While I have always said that the only possible stable solution of the crisis is a de-nazification of the Ukraine and a conversion of the current Banderastan into a "mentally sane" Ukraine, I am not naive and I also see that this might take a decade or more. However, seeing how Mozgovoi and his Ukrainian counterparts agreed on the need to de-nazify and de-oligarchise (is that English?) I see that there is hope because the bottom line is this: both sides have much more in common than what separates them!


Again, these were regular Ukrainians, not crazed Nazi death-squad members, I understand that. And the two sides do disagree on fundamental issues. I see that too. But I also see that there is a basis, a minimum in common, to negotiate. This does not have to be a war of extermination.

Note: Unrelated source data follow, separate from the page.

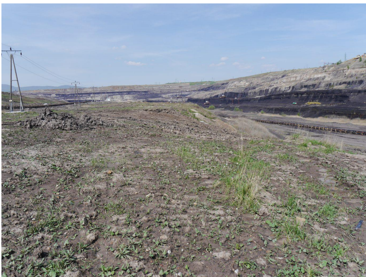
V ideálním případě je širší okolí upravované plochy bez keřové či stromové vegetace. Lom Hrabák.

Pokud máme možnost výběru z různých ploch, vybíráme pro zásah přednostně plochu, na kterou nenavazují plochy zarostlé keři či stromy, ale plochy, které jsou obklopeny holými půdami či bylinnými společenstvy.
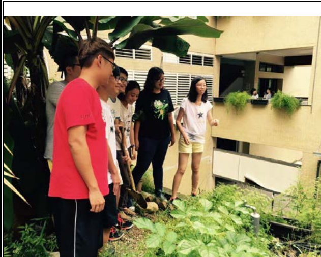
幾位代表一起在約定的地點合照
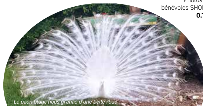
Le paon blanc nous gratifie d'une belle roue
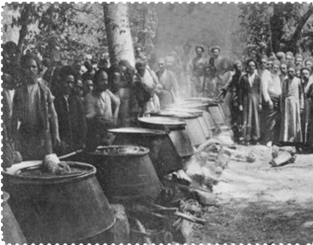
دیگ‌های غذا در سفارت انگلیس برای مشروطه‌خواهان

به موازات مهاجرت عدالت‌خواهان به قم، عده‌ای در باغ سفارت انگلیس گرد آمدند و
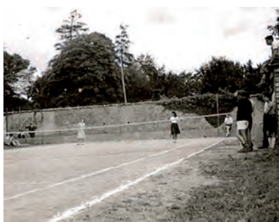
1 er court

Avant de voir les 2 courts au stade, savez-vous où se trouvait le 1 er court qui était alors en terre battue ? Il n'en reste aujourd'hui aucune trace mais il se trouvait Place Pré, en centre-ville, à l'emplacement d'une partie des Services Techniques, côté rue Henri Hélot.

The Ukraine as we knew her is dead. Now we have Crimea and Novorussia which are gone forever, and a rump-Ukraine I call "Banderastan" which is occupied by the US CIA, Ukie Nazis and oligarchs. My hope is that just as the Ukrainian civil war turned into a war for the self-determination and liberation of Novorussia, so will the war for self-determination and liberation of Novorussia turn into a war for the liberation of Banderastan from its US/Nazi/oligarchic occupiers. If that happens and if a new Ukraine eventually emerges, then I have no doubt that the people of the Ukraine will agree that each region should have the right of self-determination ranging from cultural right to full separation. Only then will we really find out which regions want to stay and which ones want to leave forever.


In the meantime, I am very positively impressed by the Novorussian field commanders. Bezler and Mozgovoi of course, but also Givi, Motorola, Zakharchenko, Kononov and the others are all strong figures capable of both fighting and talking. Strelkov, alas, is still more or less in political no man's land and I am very concerned about his proximity with the blogger el-Murid who is clearly a "gateway" to the "hurray-patriots" and "Putin bashers" which are being used by the Empire to try to discredit Putin. Still, the political infighting amongst Novorussian leaders continues and there is still no clear leader. Hopefully, the upcoming elections will help to solve this issue.